* INSTRUCTIONS TO FOLLOW
In the records below, the lines between the one holding "Jean-Luc at age" and the one holding "Żółte kartki: Leandro, Lewandowski", inclusive, are to be transcribed exactly; no pictures are to be included.

* RECORD EXTRACTS
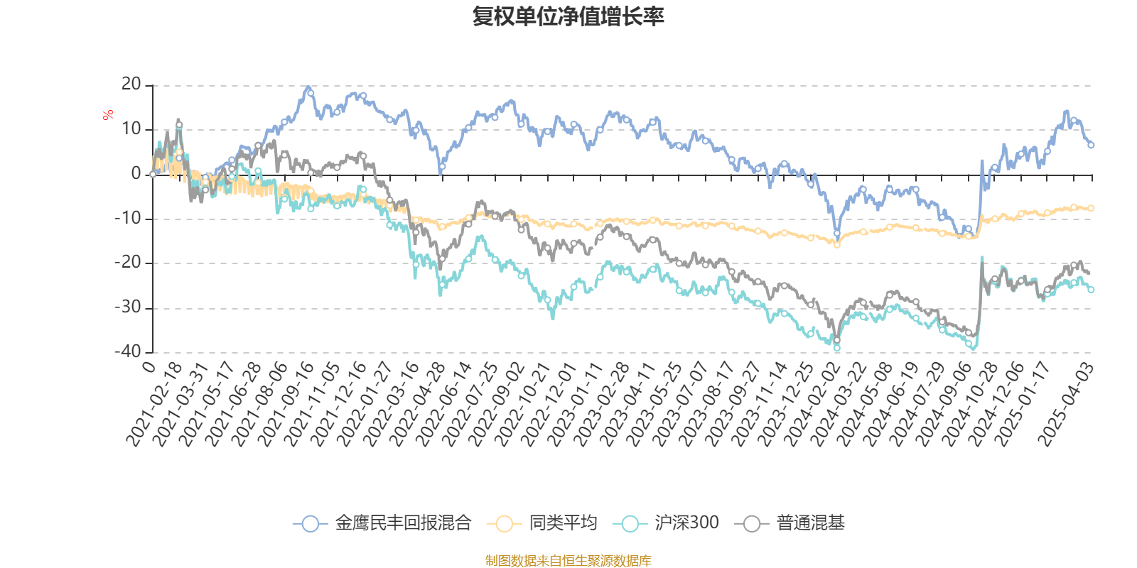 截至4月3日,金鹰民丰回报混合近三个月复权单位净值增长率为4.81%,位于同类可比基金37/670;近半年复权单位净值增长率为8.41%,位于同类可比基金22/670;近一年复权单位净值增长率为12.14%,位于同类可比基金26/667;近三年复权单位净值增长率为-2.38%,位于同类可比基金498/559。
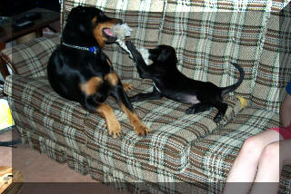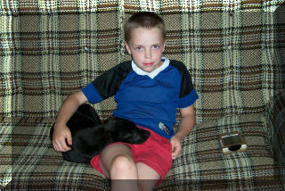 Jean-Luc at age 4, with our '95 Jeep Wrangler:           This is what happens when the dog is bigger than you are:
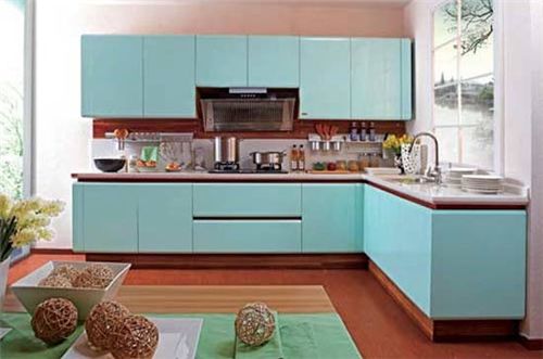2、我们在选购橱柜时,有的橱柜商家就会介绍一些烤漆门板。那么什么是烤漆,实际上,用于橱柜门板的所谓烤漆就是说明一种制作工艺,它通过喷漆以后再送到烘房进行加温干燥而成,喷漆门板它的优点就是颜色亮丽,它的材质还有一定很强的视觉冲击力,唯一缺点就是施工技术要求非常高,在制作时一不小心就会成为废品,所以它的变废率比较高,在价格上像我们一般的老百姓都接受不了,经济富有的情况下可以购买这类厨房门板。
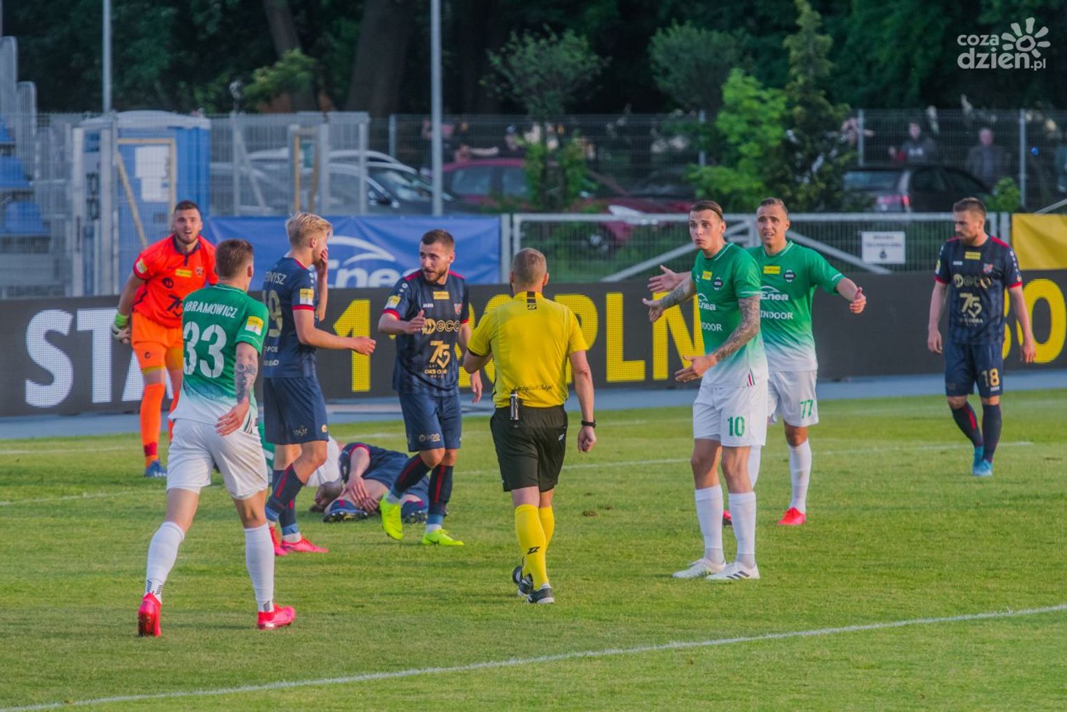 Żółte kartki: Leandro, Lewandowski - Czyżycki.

--

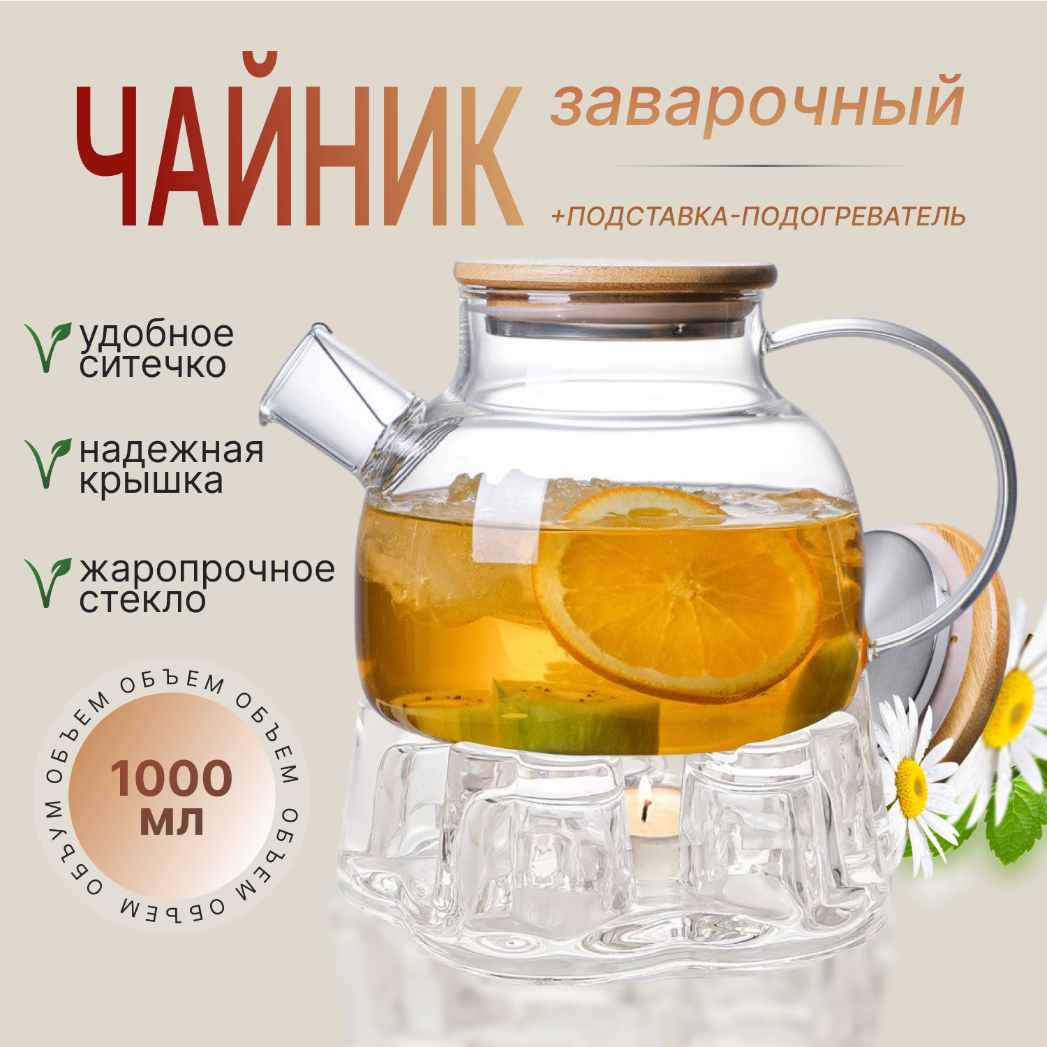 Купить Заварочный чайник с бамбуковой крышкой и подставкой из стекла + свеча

* EXERCISE SOLUTION
 Jean-Luc at age 4, with our '95 Jeep Wrangler:           This is what happens when the dog is bigger than you are:
2、我们在选购橱柜时,有的橱柜商家就会介绍一些烤漆门板。那么什么是烤漆,实际上,用于橱柜门板的所谓烤漆就是说明一种制作工艺,它通过喷漆以后再送到烘房进行加温干燥而成,喷漆门板它的优点就是颜色亮丽,它的材质还有一定很强的视觉冲击力,唯一缺点就是施工技术要求非常高,在制作时一不小心就会成为废品,所以它的变废率比较高,在价格上像我们一般的老百姓都接受不了,经济富有的情况下可以购买这类厨房门板。
 Żółte kartki: Leandro, Lewandowski - Czyżycki.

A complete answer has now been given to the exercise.